**EXERCISE DETAILS**
Output the data below exactly, images excluded.

↓

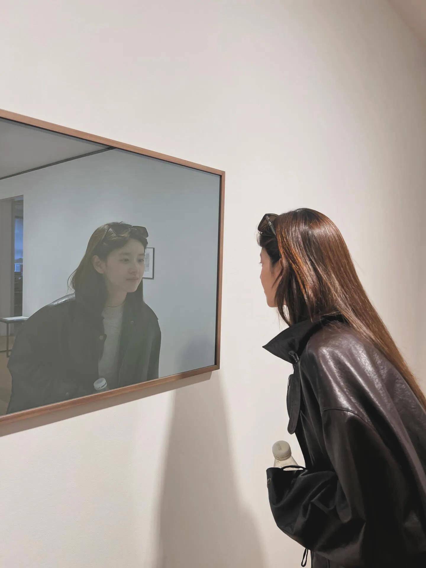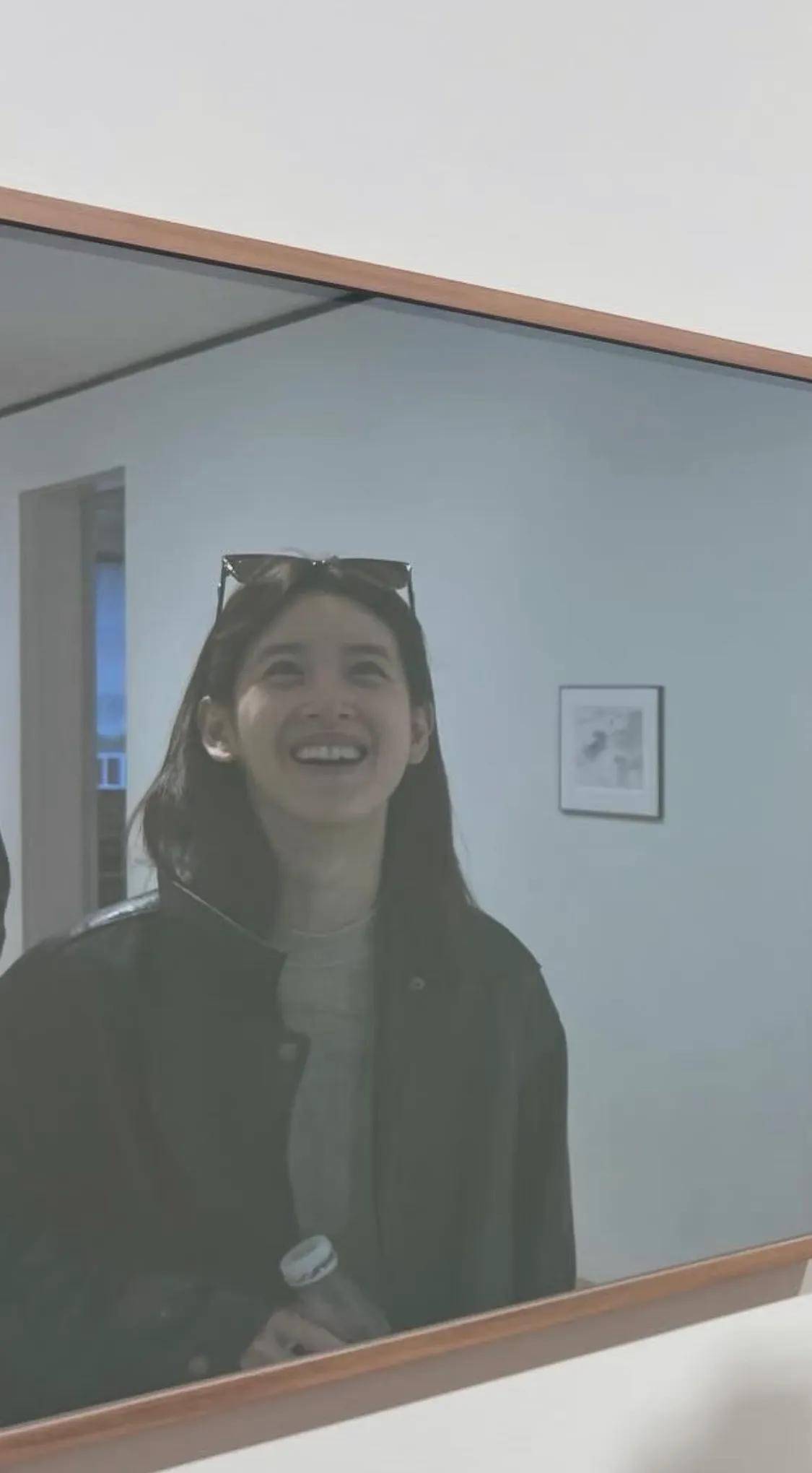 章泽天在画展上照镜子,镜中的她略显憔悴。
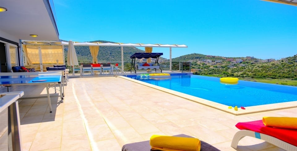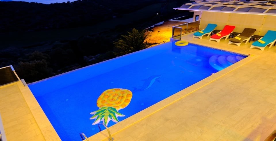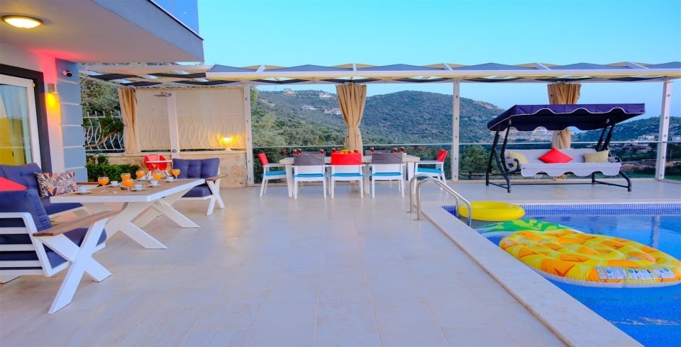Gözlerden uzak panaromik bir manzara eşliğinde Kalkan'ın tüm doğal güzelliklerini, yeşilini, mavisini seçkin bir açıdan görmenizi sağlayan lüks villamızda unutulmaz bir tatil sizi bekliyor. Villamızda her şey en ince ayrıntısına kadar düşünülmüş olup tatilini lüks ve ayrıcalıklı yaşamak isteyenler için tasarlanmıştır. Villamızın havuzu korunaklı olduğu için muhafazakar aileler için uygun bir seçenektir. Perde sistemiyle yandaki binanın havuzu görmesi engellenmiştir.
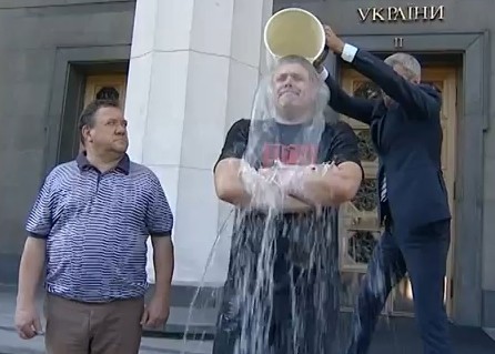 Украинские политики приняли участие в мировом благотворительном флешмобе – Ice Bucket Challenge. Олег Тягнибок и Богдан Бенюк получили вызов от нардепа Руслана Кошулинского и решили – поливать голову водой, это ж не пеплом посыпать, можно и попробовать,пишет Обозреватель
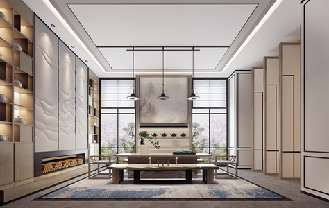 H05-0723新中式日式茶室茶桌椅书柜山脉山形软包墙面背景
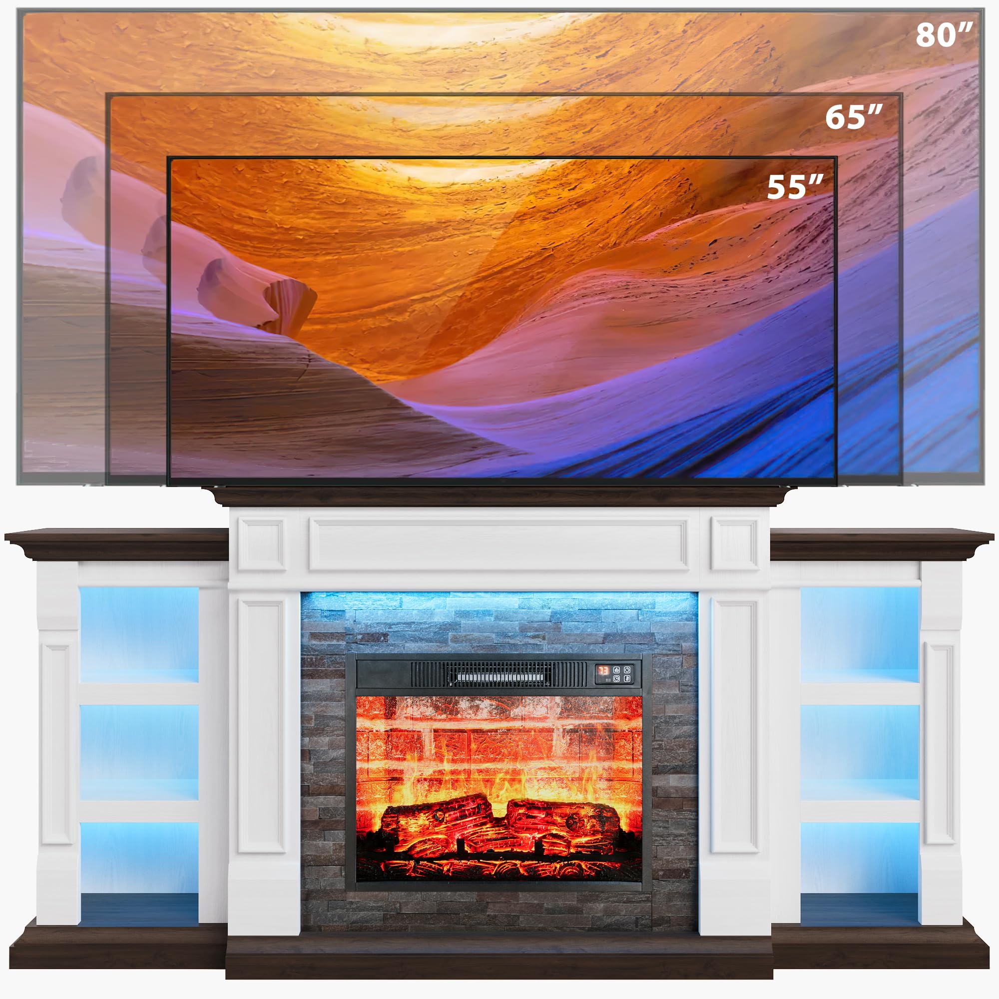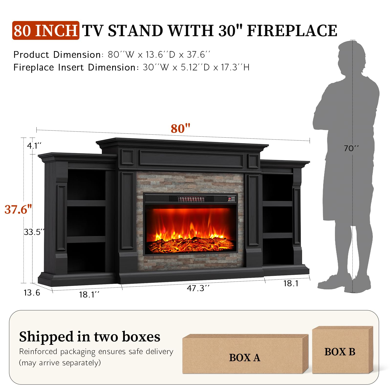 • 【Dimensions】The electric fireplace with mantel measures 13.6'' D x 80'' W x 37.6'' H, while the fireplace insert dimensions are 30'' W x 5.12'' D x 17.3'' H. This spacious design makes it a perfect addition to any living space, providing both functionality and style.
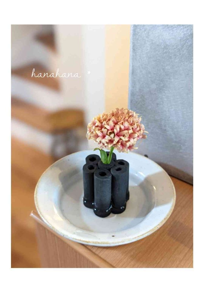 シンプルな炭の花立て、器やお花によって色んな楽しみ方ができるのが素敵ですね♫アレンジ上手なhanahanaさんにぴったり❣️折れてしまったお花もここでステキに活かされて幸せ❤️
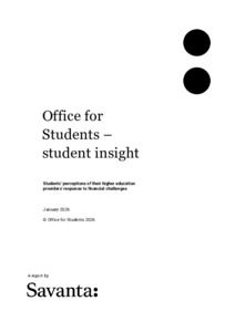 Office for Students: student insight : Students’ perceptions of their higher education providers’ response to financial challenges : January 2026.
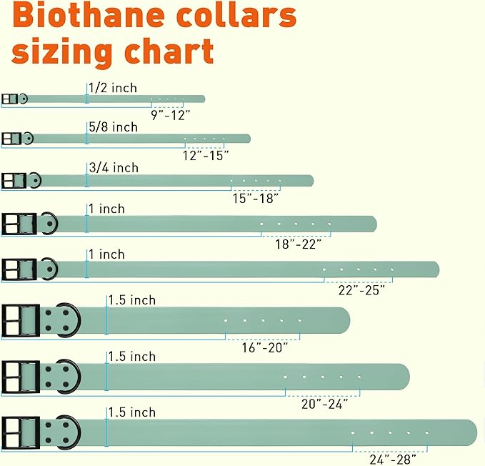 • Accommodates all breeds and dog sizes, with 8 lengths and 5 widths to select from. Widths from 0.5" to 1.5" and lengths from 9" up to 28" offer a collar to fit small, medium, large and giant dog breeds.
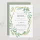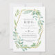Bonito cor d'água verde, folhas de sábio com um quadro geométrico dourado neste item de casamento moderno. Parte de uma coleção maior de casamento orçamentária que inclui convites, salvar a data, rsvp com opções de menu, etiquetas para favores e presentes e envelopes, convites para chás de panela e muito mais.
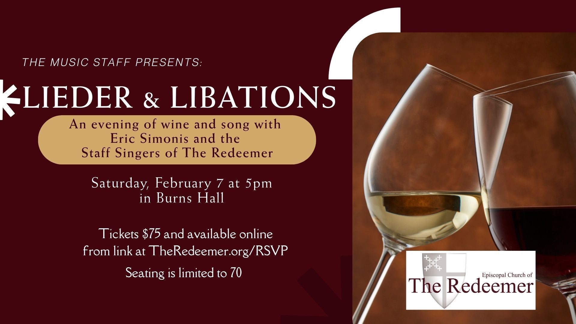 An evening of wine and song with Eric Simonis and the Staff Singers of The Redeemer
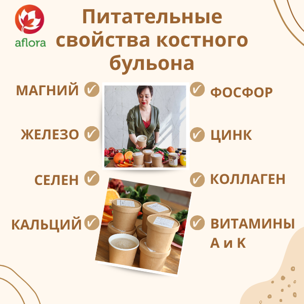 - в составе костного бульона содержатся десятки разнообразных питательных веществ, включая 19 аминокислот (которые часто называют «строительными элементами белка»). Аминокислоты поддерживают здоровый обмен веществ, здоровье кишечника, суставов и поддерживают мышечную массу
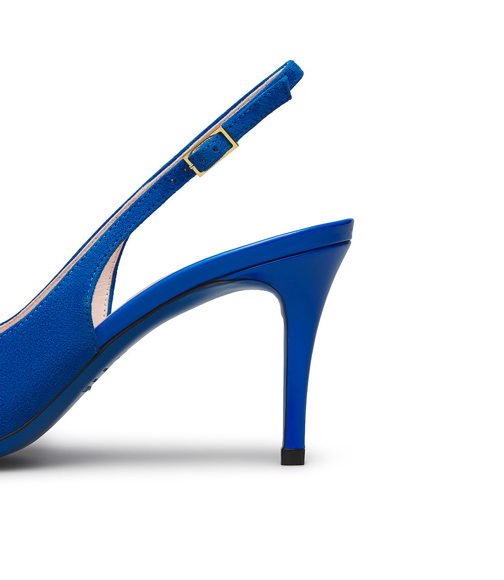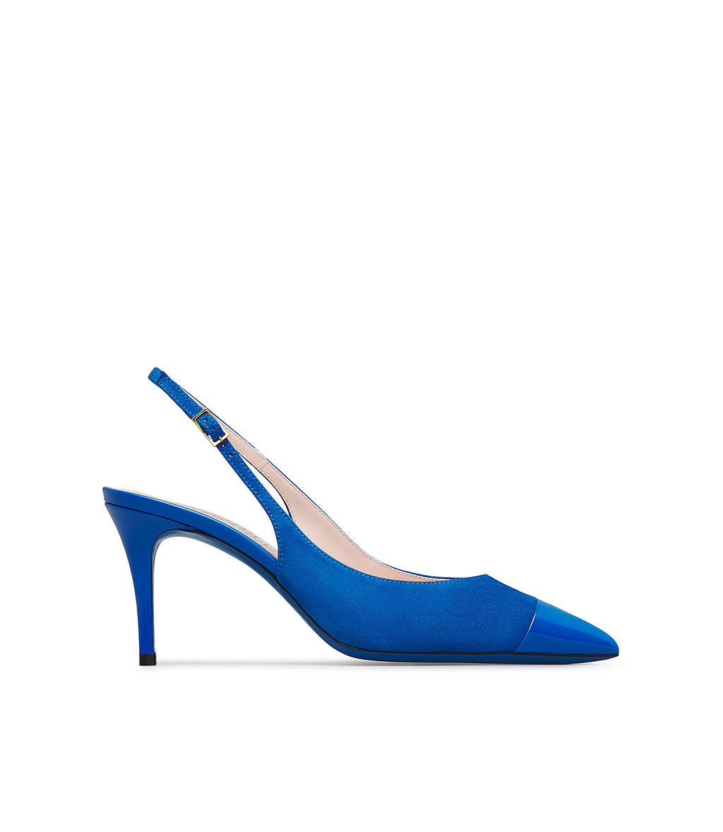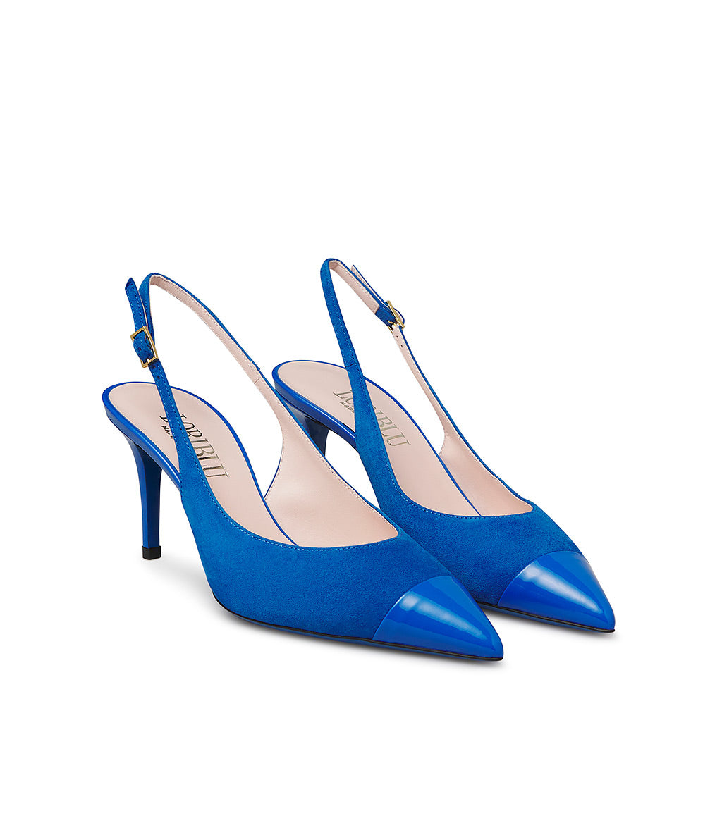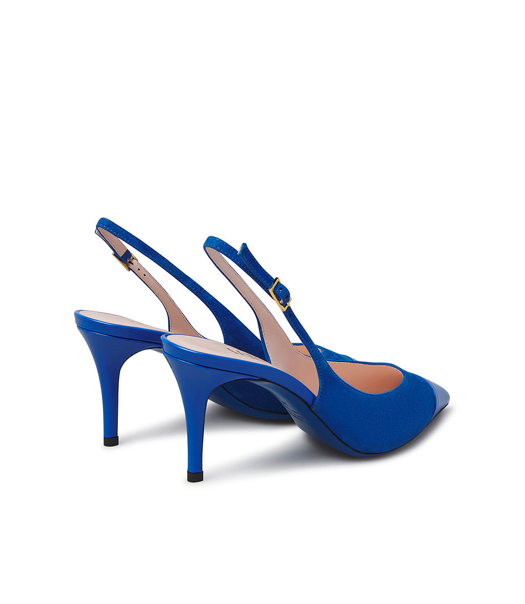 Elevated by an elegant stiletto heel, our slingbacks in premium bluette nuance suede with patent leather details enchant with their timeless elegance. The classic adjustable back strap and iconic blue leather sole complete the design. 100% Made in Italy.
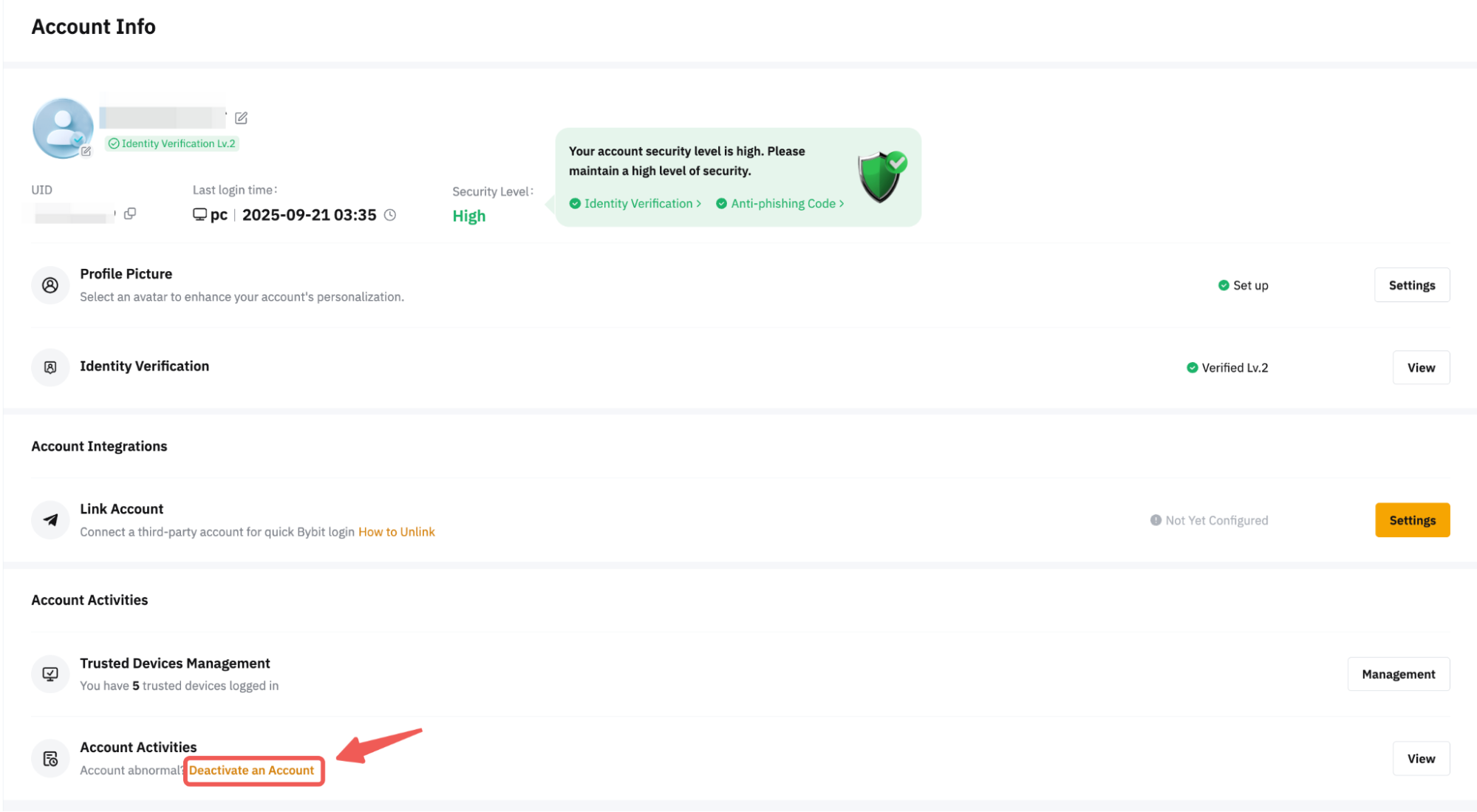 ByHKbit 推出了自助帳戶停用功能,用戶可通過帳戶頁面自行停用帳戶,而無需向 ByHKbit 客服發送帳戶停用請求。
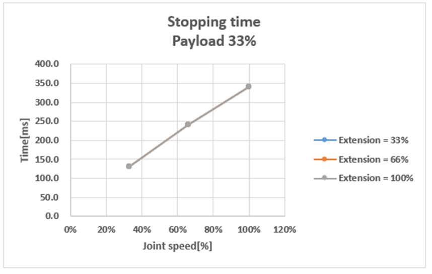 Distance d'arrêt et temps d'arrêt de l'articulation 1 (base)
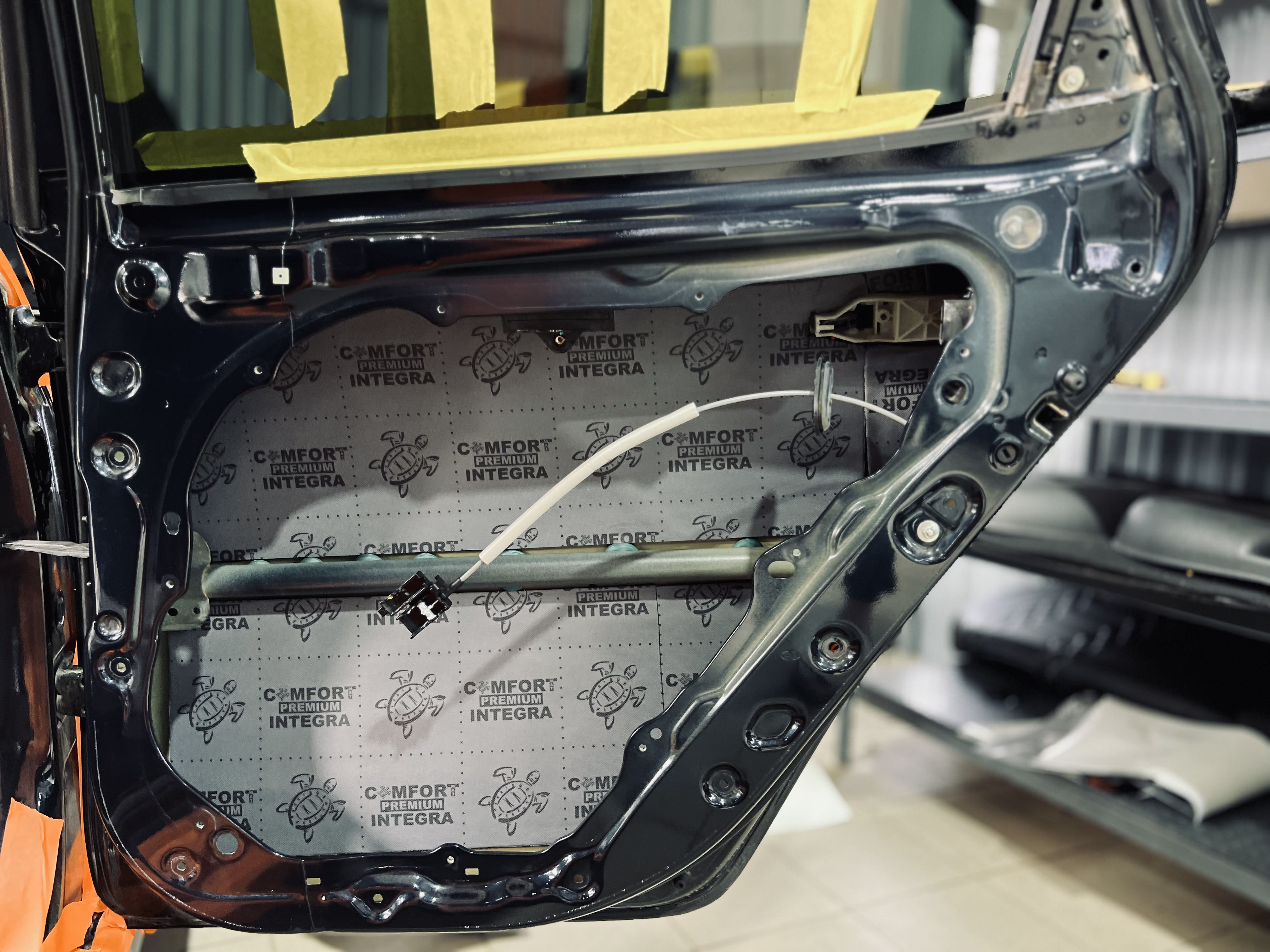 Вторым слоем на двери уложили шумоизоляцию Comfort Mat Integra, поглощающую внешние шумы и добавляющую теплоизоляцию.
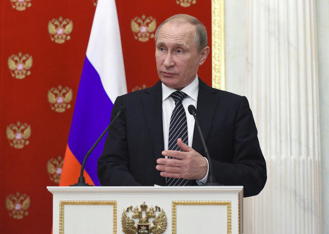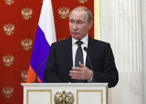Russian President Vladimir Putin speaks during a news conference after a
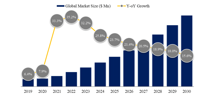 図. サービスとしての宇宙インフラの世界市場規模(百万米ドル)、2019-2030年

↑

**PROBLEM SOLUTION**
 章泽天在画展上照镜子,镜中的她略显憔悴。
Gözlerden uzak panaromik bir manzara eşliğinde Kalkan'ın tüm doğal güzelliklerini, yeşilini, mavisini seçkin bir açıdan görmenizi sağlayan lüks villamızda unutulmaz bir tatil sizi bekliyor. Villamızda her şey en ince ayrıntısına kadar düşünülmüş olup tatilini lüks ve ayrıcalıklı yaşamak isteyenler için tasarlanmıştır. Villamızın havuzu korunaklı olduğu için muhafazakar aileler için uygun bir seçenektir. Perde sistemiyle yandaki binanın havuzu görmesi engellenmiştir.
 Украинские политики приняли участие в мировом благотворительном флешмобе – Ice Bucket Challenge. Олег Тягнибок и Богдан Бенюк получили вызов от нардепа Руслана Кошулинского и решили – поливать голову водой, это ж не пеплом посыпать, можно и попробовать,пишет Обозреватель
 H05-0723新中式日式茶室茶桌椅书柜山脉山形软包墙面背景
 • 【Dimensions】The electric fireplace with mantel measures 13.6'' D x 80'' W x 37.6'' H, while the fireplace insert dimensions are 30'' W x 5.12'' D x 17.3'' H. This spacious design makes it a perfect addition to any living space, providing both functionality and style.
 シンプルな炭の花立て、器やお花によって色んな楽しみ方ができるのが素敵ですね♫アレンジ上手なhanahanaさんにぴったり❣️折れてしまったお花もここでステキに活かされて幸せ❤️
 Office for Students: student insight : Students’ perceptions of their higher education providers’ response to financial challenges : January 2026.
 • Accommodates all breeds and dog sizes, with 8 lengths and 5 widths to select from. Widths from 0.5" to 1.5" and lengths from 9" up to 28" offer a collar to fit small, medium, large and giant dog breeds.
Bonito cor d'água verde, folhas de sábio com um quadro geométrico dourado neste item de casamento moderno. Parte de uma coleção maior de casamento orçamentária que inclui convites, salvar a data, rsvp com opções de menu, etiquetas para favores e presentes e envelopes, convites para chás de panela e muito mais.
 An evening of wine and song with Eric Simonis and the Staff Singers of The Redeemer
 - в составе костного бульона содержатся десятки разнообразных питательных веществ, включая 19 аминокислот (которые часто называют «строительными элементами белка»). Аминокислоты поддерживают здоровый обмен веществ, здоровье кишечника, суставов и поддерживают мышечную массу
 Elevated by an elegant stiletto heel, our slingbacks in premium bluette nuance suede with patent leather details enchant with their timeless elegance. The classic adjustable back strap and iconic blue leather sole complete the design. 100% Made in Italy.
 ByHKbit 推出了自助帳戶停用功能,用戶可通過帳戶頁面自行停用帳戶,而無需向 ByHKbit 客服發送帳戶停用請求。
 Distance d'arrêt et temps d'arrêt de l'articulation 1 (base)
 Вторым слоем на двери уложили шумоизоляцию Comfort Mat Integra, поглощающую внешние шумы и добавляющую теплоизоляцию.
Russian President Vladimir Putin speaks during a news conference after a
 図. サービスとしての宇宙インフラの世界市場規模(百万米ドル)、2019-2030年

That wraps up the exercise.